What you have to do: Nothing but the lines below from the one containing "sebagai istri menutupinya." through the one containing "- 【遮光・遮熱・紫外線カッ" should appear in the answer, exact and without pictures.

Data:
____
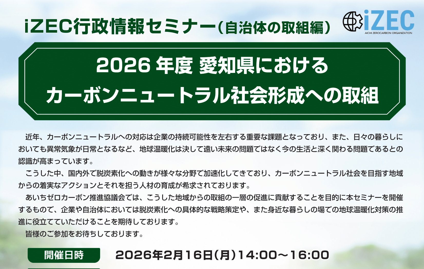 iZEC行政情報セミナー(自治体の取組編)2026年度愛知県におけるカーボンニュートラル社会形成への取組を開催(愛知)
____
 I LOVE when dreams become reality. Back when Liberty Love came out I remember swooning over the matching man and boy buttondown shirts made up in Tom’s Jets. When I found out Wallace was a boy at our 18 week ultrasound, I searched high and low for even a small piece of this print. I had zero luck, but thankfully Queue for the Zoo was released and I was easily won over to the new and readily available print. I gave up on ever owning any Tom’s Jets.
____
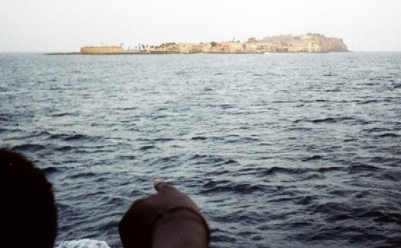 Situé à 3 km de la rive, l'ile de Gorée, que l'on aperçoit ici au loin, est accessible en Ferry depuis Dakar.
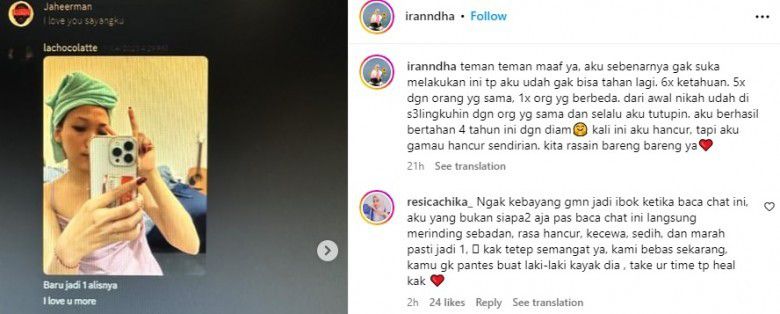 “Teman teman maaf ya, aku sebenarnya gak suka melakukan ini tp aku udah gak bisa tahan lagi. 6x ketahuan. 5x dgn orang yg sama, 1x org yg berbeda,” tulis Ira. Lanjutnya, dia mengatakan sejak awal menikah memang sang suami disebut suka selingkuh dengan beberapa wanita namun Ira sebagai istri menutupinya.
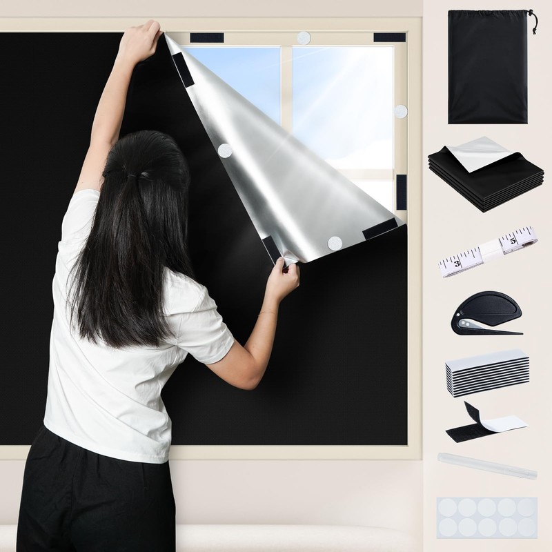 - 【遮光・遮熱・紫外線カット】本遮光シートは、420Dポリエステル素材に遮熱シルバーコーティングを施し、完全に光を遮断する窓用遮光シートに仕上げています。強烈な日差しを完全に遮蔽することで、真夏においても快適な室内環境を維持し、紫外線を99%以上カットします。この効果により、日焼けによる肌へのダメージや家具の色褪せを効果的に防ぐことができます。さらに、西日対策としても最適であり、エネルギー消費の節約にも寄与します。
____
Problem solution:
 “Teman teman maaf ya, aku sebenarnya gak suka melakukan ini tp aku udah gak bisa tahan lagi. 6x ketahuan. 5x dgn orang yg sama, 1x org yg berbeda,” tulis Ira. Lanjutnya, dia mengatakan sejak awal menikah memang sang suami disebut suka selingkuh dengan beberapa wanita namun Ira sebagai istri menutupinya.
 - 【遮光・遮熱・紫外線カット】本遮光シートは、420Dポリエステル素材に遮熱シルバーコーティングを施し、完全に光を遮断する窓用遮光シートに仕上げています。強烈な日差しを完全に遮蔽することで、真夏においても快適な室内環境を維持し、紫外線を99%以上カットします。この効果により、日焼けによる肌へのダメージや家具の色褪せを効果的に防ぐことができます。さらに、西日対策としても最適であり、エネルギー消費の節約にも寄与します。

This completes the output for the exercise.